That said, I vote for a 4x4 over the 2x4 for the simple reason i used to run a 60 horse 2x4 JD, my uncle had various makes and models of tractors over the years, but when he bought the 4x4 kubota 60 horse i started looking harder at what it could do...... it pulled 3 18's in ground i could barely pull 3 16's, it did it on top the soil where i dug the wheels in deeper, using more fuel doing a similar job, parts cost were comparable, JD being in love with the name, and Kubota being the asian counter part to a degree..... high cost parts. 

At the time, he had only a few problems with the 4x4, and i remember when dad broke the front axle on the JD, it took 3 weeks to get a replacement of a so called common part, and then it snapped again so we ended up putting a backhoe front end under the beast.... no problem with that other than larger turning radius, but i never had any problems with jackknifed implements either..... 

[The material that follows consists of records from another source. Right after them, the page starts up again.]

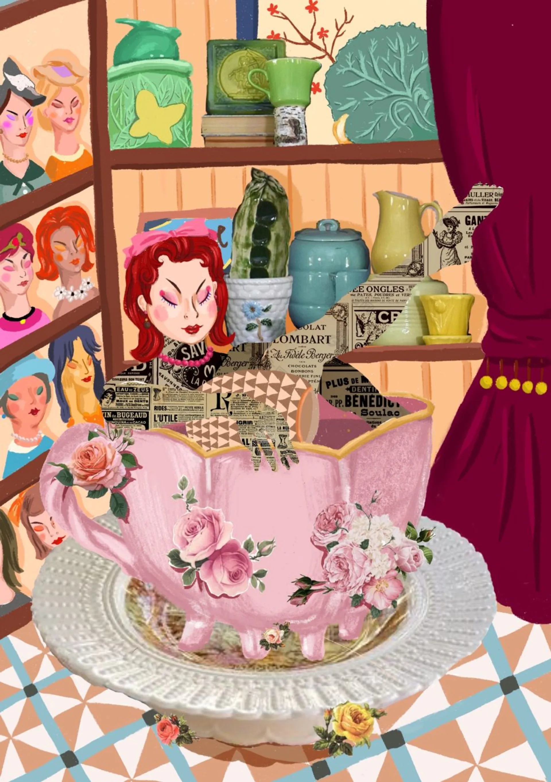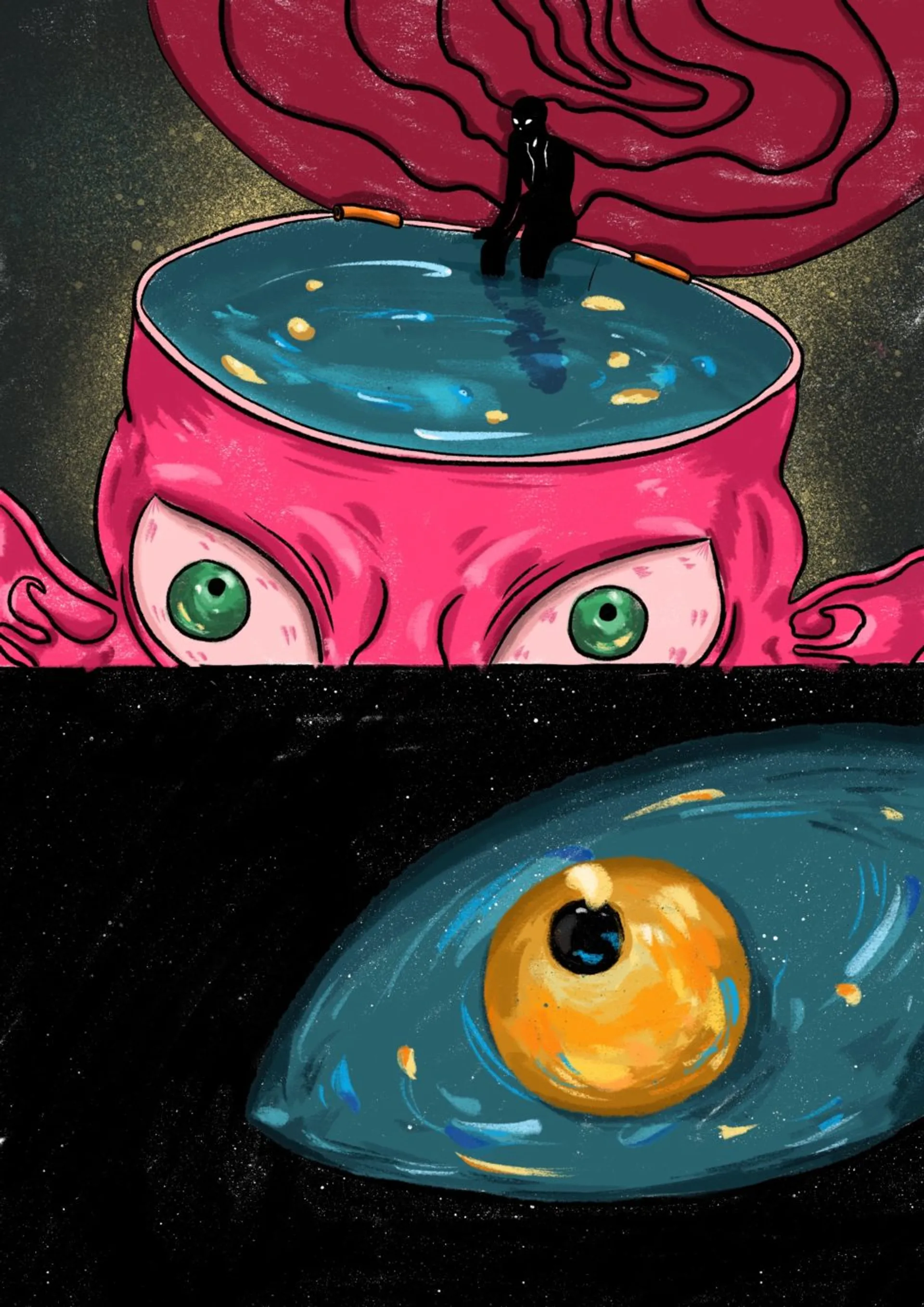 Hello! I hope my works can bring you infinite dream space. You can image what is happening to these people in the picture.And their identity, story….I really like use colorful things . Hope you like it too!
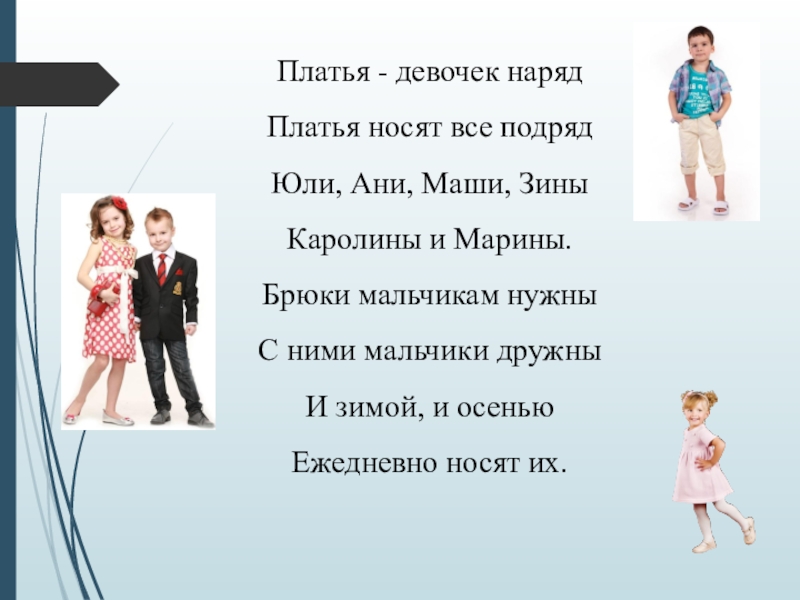 Платья - девочек нарядПлатья носят все подрядЮли, Ани, Маши, ЗиныКаролины и Марины.Брюки мальчикам нужныС ними мальчики дружныИ зимой, и осеньюЕжедневно носят их.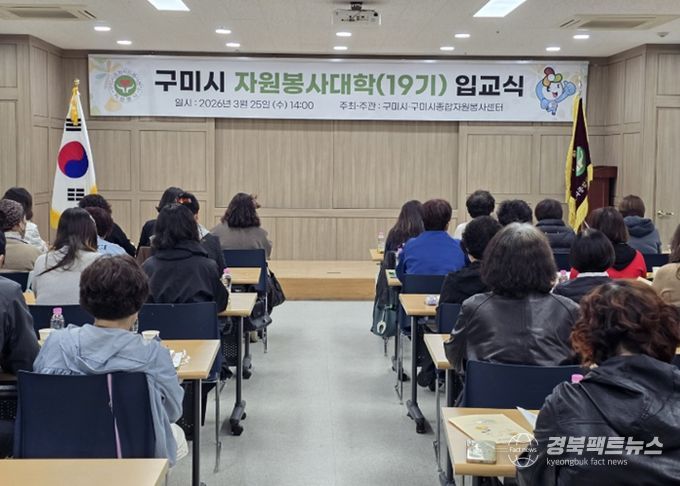 경북팩트뉴스 조현묵 기자 | 구미시는 지난 25일 구미시 새마을회 강당에서 구미시종합자원봉사센터(센터장 하준호) 주관으로 '제19기 구미시 자원봉사대학 입교식'을 개최했다.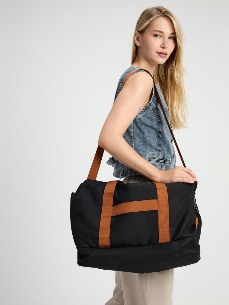 Дорожная сумка Incluso — надежный спутник в краткосрочной поездке, будь то командировка или выезд на уикенд. Также она с легкостью станет незаменима для спортзала. Изготовлена из прочного материала, оснащена удобными ручками и регулируемым плечевым ремнем, что обеспечивает комфорт при переноске. В сумке предусмотрено специальное отделение для обуви.- Объем 35 л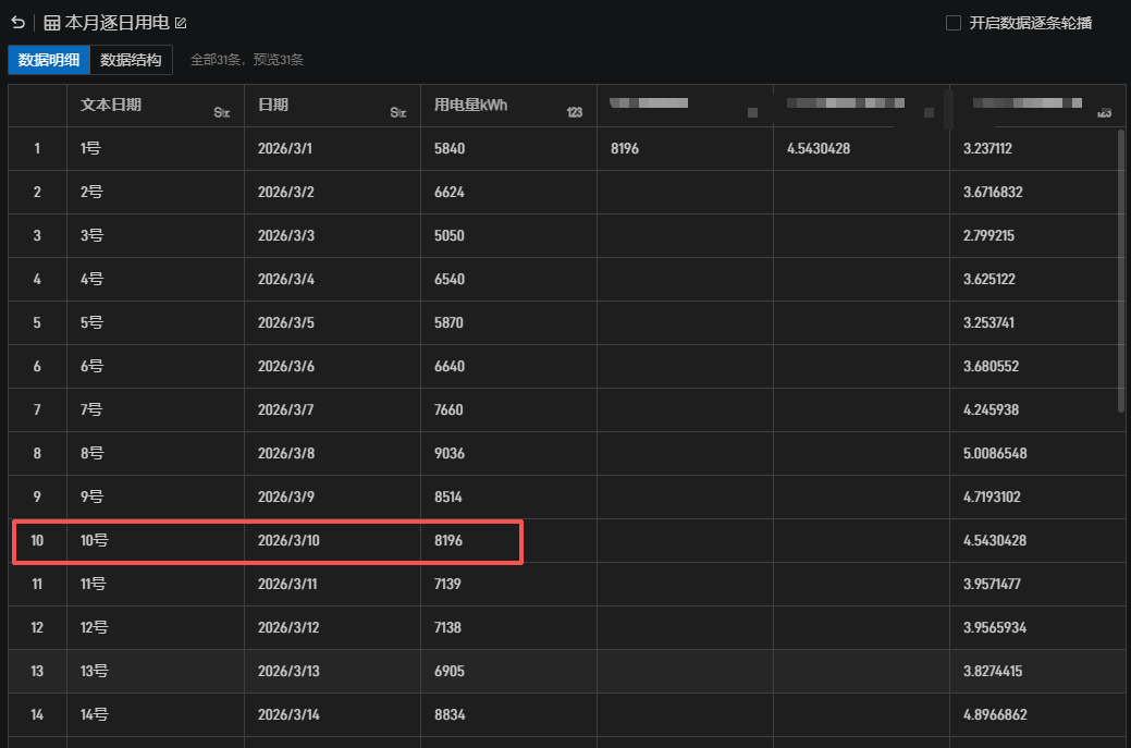 我现在表格里面有一列每天对应的数据,差不多一个月的,我添加个翻牌器可以从表格里面自动选取当天的数据吗?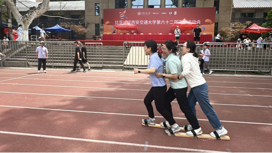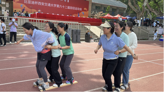 教工同样表现亮眼。张志成老师在教工男子丙组100米项目中以稳健发挥夺得第二名,肖春辉、张志成、张永亮、张侃老师领衔的教工男子4×100米接力凭借稳健的起跑与优异的速度斩获第四名。此外,郗凯、张淼、高瑞、欧阳炜艾、崔晨晖、李龙等老师组成的队伍在男子板鞋竞速项目中表现卓越,以出色的团队协作能力荣获第二名。赛场上,教职工们或奋勇冲刺、或咬牙坚持,每一滴汗水都诠释着化学人“精勤求学、追求卓越”的信念。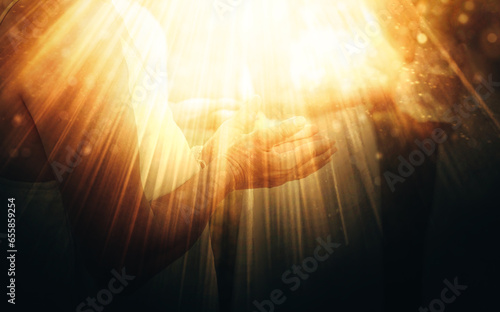woman in a ceremonial space. Close-up shot of a woman's hand during the ceremony. Light effect.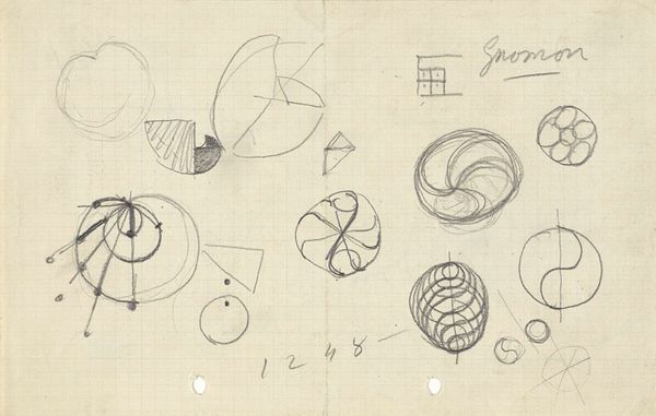 This is Mathieu Lauweriks's "Ontwerpen voor een broche," or designs for a brooch, created with graphite on paper. Lauweriks was a Dutch architect, designer, and theorist, deeply involved in the search for universal principles in art and architecture. His approach was influenced by a blend of theosophy and geometric principles, reflecting a broader cultural interest in spirituality and science. His designs often incorporate geometric patterns, meant to convey a sense of harmony and order, a visual language intended to reflect deeper truths about the universe. Brooches, historically worn by all genders, have long served as markers of identity, status, and belonging. Lauweriks’s design moves away from traditional representational forms, towards an abstract ideal. Consider, in this context, how the act of adornment can transcend mere decoration, becoming a means of expressing one's connection to larger social structures. It asks how we can find meaning and express identity through the universal language of form.

so in all i suspect horror stories on any front here and there, you still have to figure in if the hillside is going to be where you are doing anything when it is slick, tractors will go up a fairly steep grade until they spin out.... 

advantage of front end power also is if you aregonna carry a heavy load on the front and expect to turn.... it could help out, and then again over use of heavy loads may wear it out faster...... 

the 4x4 lower horse power will make up almost the difference of the 2x4 in heavy pulling, the 21 horse should pull 2 16's as easily as the 30, but the 30 may pull 3 14's where the 21 might not at all in your soil.....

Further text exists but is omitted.